Many students have used (and been distracted by) applications like Angry Birds, Words with Friends and Temple Run. Meanwhile, some of their classmates are creating the applications that they purchase from the App Store.
Junior Arthur Bogdanovich started designing applications for Android during his freshman year with the intention of becoming a computer programmer. He started out with simple on/off switch applications to get familiar with the operating system, but he progressively built his way up to creating applications that are currently on the market.
“I used Youtube videos to help me learn the first parts,” Arthur said. “Later on, I used technical books with documentation about the programming language that I use.”
Arthur made his simple applications more sophisticated by building up his features. He chose to advance the capabilities of his previous application rather than creating a new one altogether.
“I just sit down and think of things that might be useful to include and take the apps that I’ve made currently and add on to them,” Arthur said.
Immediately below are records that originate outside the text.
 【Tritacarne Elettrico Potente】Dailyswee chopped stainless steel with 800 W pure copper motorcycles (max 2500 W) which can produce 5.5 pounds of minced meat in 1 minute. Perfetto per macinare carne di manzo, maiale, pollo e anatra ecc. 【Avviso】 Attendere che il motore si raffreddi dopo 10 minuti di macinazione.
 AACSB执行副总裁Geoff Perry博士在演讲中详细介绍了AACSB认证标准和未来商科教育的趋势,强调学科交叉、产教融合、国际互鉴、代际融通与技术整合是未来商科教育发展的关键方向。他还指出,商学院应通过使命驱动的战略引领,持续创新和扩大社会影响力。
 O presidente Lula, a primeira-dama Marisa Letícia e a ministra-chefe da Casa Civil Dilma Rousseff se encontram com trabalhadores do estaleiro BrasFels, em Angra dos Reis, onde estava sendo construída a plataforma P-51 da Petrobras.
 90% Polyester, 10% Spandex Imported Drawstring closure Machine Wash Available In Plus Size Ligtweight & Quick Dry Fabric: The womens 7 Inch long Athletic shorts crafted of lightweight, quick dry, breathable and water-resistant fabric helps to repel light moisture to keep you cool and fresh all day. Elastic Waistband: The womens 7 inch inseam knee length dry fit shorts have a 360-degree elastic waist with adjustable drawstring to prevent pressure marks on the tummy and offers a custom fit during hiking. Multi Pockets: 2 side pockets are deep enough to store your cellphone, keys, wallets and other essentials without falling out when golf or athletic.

Arthur said he chose to program applications for Android because it is cheaper and he would have a larger degree of freedom.
After getting the counselors’ approval, Arthur started working with the Tech Club to create a task manager that will allow students to easily organize upcoming assignments and tests for their classes. It will tie in with SIS to create a more uniform information system. And most importantly, it’s a planner that can’t be lost.
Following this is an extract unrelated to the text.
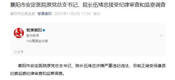 據襄陽市紀委監委消息,襄陽市安定醫院原黨總支書記、院長伍緒忠涉嫌嚴重違紀違法,目前正接受??悼h紀委監委紀律審查和監察調查。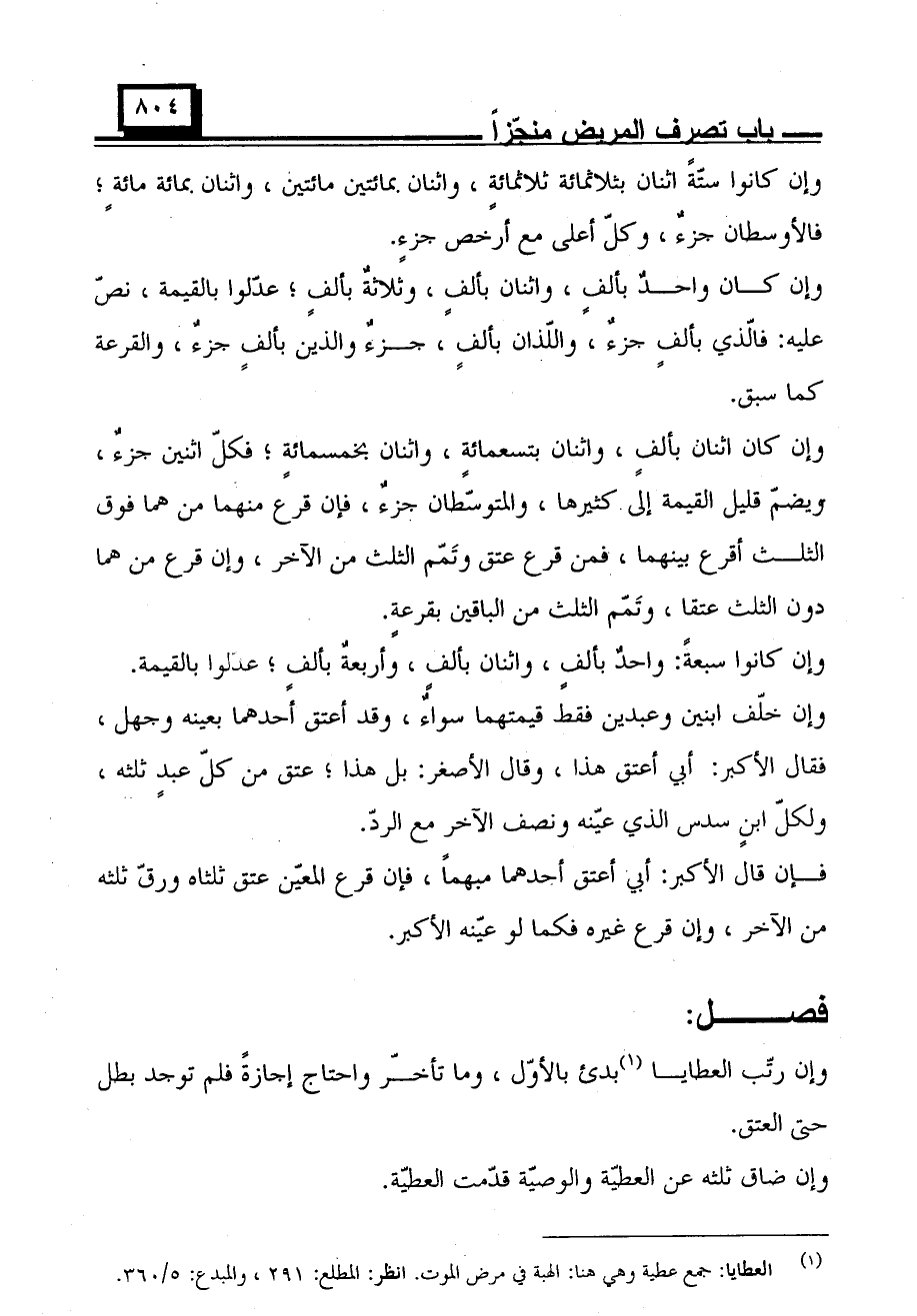 إن رتّب العطايا بدئ بالأول، وما تأخر واحتاج إجازة فلم توجد بطل حتى العتق.

Junior Jerry Liu is helping a company create an Android equivalent of its photo share social network application, which is currently available on the Apple App Store. The application allows anyone to post photo assignments on a certain topic or event. Followers can then comment and respond.
The process of creating an Android application isn’t as simple as copying and pasting from the IOS to Android. The two operating systems are based on different programming languages.
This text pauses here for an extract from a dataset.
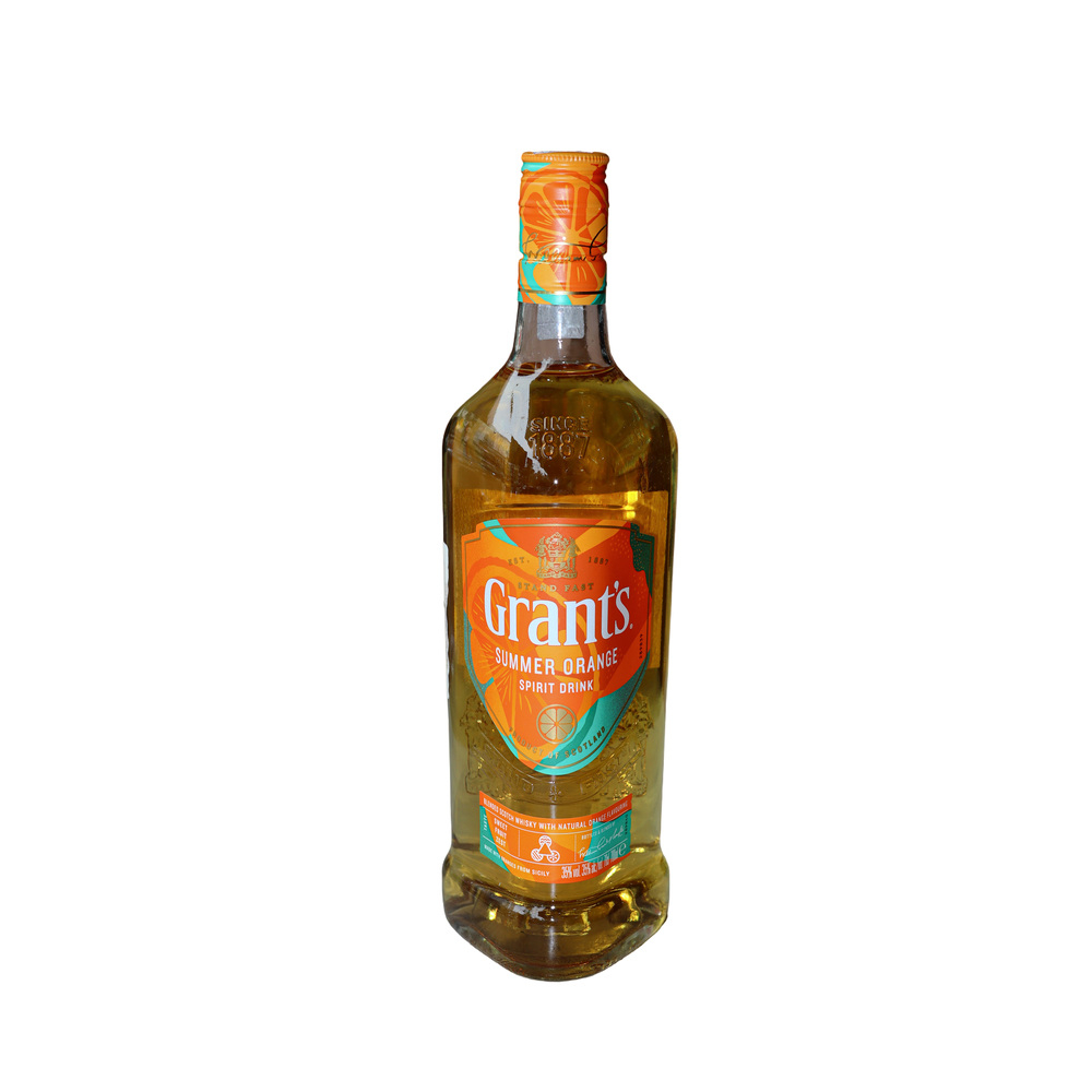 A bright and sunny drink based on Scottish whiskey — Grant’s Summer Orange. This modern "spirit drink" is created for those seeking summer freshness in classic Scottish whiskey. ✨ Drink portrait: Color: Glowing golden-orange, reminiscent of a sunset on a hot summer day. Aroma: A true explosion of citrus freshness. The bouquet is dominated by a juicy Sicilian orange note, elegantly intertwined with the classic honeyed malt notes of Grant’s whiskey. Taste: Exceptionally smooth and cheerful. The prominent bright orange zest and natural fruity sweetness seamlessly transition into a warming aftertaste with a hint of oak. Character: A light and friendly drink with an alcohol content of 35%. It is less strong than classic whiskey, making it as refreshing and enjoyable as possible.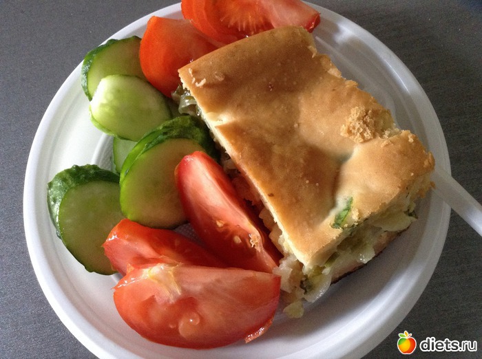 Это - капустная шарлотка на кефире: 2 стакана кефира, 1 ч.л. соды, 1,5 стакана муки для теста; капуста с крутым яйцом и зеленым луком с петрушкой, на 0,5 кг капусты - 2 яйца, 1 ст.л. растительного масла, соль-перец; половину теста выливаем в форму, затем выкладываем начинку, заливаем оставшимся тестом и печем минут 20-30. Получается вкусно и сочно, к тому же низкокалорийно.

“One is objective C [for the IOS] and the other is Java [for the Android], so the implementations are a bit different,” Jerry said. “So it’s kind of hard to make the two apps really similar to each other because they have two different design patterns.”
Jerry also assisted his employer with building its platform client side code (figuring out how to make the application work).
With the advancements in the technological world, Jerry’s designing is not solely restricted to the smartphone. In fact, he has taken a rain check on the Android to finish up other assignments.
“It does look like an interesting platform and I’ll look into it more as the platform progresses, but right now, I have other plans,” Jerry said. “I’m working on a couple websites for different clubs.”